If you’re like most people, you might have investments in a mutual fund. It could be a direct contribution or indirect like a 401(k).
But, here’s something you might not know: When mutual funds boast of “excellent returns” on investments, they don’t tell the whole story. When they tout how their funds are outperforming the market, they leave out certain facts.
For example, mutual funds often exclude their “deceased” funds. These are funds they started several years ago, but no longer exist. The attrition could be because of liquidation, mergers, poor investment strategy or management.
So, an investment company could have 100 mutual funds in a 10-year period, and after five years, only 40 of the funds exist. But, when the company touts its “excellent returns,” the data will exclude the 60 funds that did not survive.
In fact, one of the pioneers of the mutual fund industry, Vanguard, released a report that captured this reality. It found that for the five years ending on Dec. 31, 2011, 62 percent of surviving large-cap value funds outperformed their style benchmark. Here comes the shocking part: If you account for the deceased funds, that percentage dropped to 46 percent. This means that if you were an investor five years ago, you only had a 46 percent chance of picking a large-cap mutual fund winner.
But, this article is not about how to pick investments.
How to survive in sales
Here’s the point: This phenomenon of only calling out winners thrives on the survivorship bias. It’s the logical error of two things: One, we concentrate on the people or things that made it past some selection process. Two, we overlook those that don’t make it past the selection because of their lack of visibility. These two errors lead to false conclusions and opinions in several different ways.
The problem is not only with mutual funds. We often find the same problem in B2B sales and prospecting.
Let’s say I close a significant deal from a lead that visited my website from a Google ad. As a result, I conclude that paid search is the best channel for getting new business. In fact, one business owner told me recently, “I was able to connect with one CEO on LinkedIn. So, I want to focus on LinkedIn marketing.”
But, here’s the problem: This survivorship bias leads people to spend tons of money investing in those channels. And later, they start saying “This does not work.”
There’s nothing wrong with those channels. The only challenge is how they came to those conclusions. They’ve fallen victim to the survivorship bias.
The lessons I learned
We can avoid false, survivorship-bias-influenced decisions by understanding two factors: time and predictability. Let me explain.
First, let’s talk about time. By time, I mean how long it takes for you to use the strategy. Were you consistent? In B2B sales — especially complex deals — time is a significant factor.

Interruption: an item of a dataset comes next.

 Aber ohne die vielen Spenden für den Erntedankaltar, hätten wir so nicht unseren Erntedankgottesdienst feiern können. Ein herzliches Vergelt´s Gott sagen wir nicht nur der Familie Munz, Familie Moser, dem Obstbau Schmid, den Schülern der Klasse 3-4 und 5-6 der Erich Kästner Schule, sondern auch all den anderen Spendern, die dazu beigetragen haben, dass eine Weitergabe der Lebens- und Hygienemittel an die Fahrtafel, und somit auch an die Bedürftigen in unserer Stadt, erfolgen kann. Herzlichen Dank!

The author of Fanatical Prospecting, Jeb Blount, talks about the 30-day rule. The rule states that the prospecting you do in a 30-day window will pay off in the next 90 days. If you’re looking for a quick fix for sales, by skipping the process, you will be disappointing yourself.
So, depending on how long it takes to close a deal, you need a fair amount of time to see if a channel or strategy is working. How long is enough time? Ninety to 150 days. This will be good enough time to execute and see if a strategy is worth it or only an outlier.

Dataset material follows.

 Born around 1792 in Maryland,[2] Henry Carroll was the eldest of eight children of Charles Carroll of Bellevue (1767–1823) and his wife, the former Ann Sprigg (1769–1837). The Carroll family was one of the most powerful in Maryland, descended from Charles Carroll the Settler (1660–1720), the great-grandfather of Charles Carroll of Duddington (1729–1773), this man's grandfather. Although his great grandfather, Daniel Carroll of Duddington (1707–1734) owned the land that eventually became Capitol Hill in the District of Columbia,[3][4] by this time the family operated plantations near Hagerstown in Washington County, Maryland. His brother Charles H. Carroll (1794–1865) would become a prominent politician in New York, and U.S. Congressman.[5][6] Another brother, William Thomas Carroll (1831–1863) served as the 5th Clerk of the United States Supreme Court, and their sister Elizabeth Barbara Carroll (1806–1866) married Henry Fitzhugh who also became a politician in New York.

The second factor is predictability. Here’s how I learned to define predictability: If someone else took the same steps I took or used the same strategy (after say, the 90-day period), will that person get the desired — if not same — results I had?
Predictability does not mean causation. But, at least it is the closest to a fair way of knowing what works, and what doesn’t.

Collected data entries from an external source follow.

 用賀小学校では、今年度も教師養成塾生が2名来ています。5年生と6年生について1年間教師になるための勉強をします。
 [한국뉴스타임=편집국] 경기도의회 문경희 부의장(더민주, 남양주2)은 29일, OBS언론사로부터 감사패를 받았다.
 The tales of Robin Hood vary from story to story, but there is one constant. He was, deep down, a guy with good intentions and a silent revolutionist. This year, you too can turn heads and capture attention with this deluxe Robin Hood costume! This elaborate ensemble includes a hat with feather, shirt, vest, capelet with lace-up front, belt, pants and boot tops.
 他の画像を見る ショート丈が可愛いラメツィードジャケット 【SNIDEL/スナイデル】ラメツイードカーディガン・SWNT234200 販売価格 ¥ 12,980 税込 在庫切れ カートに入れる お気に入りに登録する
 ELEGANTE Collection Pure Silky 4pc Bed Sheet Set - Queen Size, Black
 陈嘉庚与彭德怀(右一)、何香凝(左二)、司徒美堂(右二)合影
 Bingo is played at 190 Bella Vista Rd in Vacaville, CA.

I had the chance to work with one client who wanted to connect farmers in Iowa to an online solar energy marketplace. We launched the project in October. Soon, we realized that was a harvest season and all the farmers were not available to speak with us. If you picked up the same sales process we did and implemented it in say, February, you might get different results.
Predictability is vital for a sales manager with a team. If you’re hiring a new salesperson, ask yourself, “What’s the goal?” Do you know which channels or activities your new hire can take to achieve the success you desire? Or is your goal for the new hire to figure it out? Either way is fine — only make sure the expectations are clear on both sides.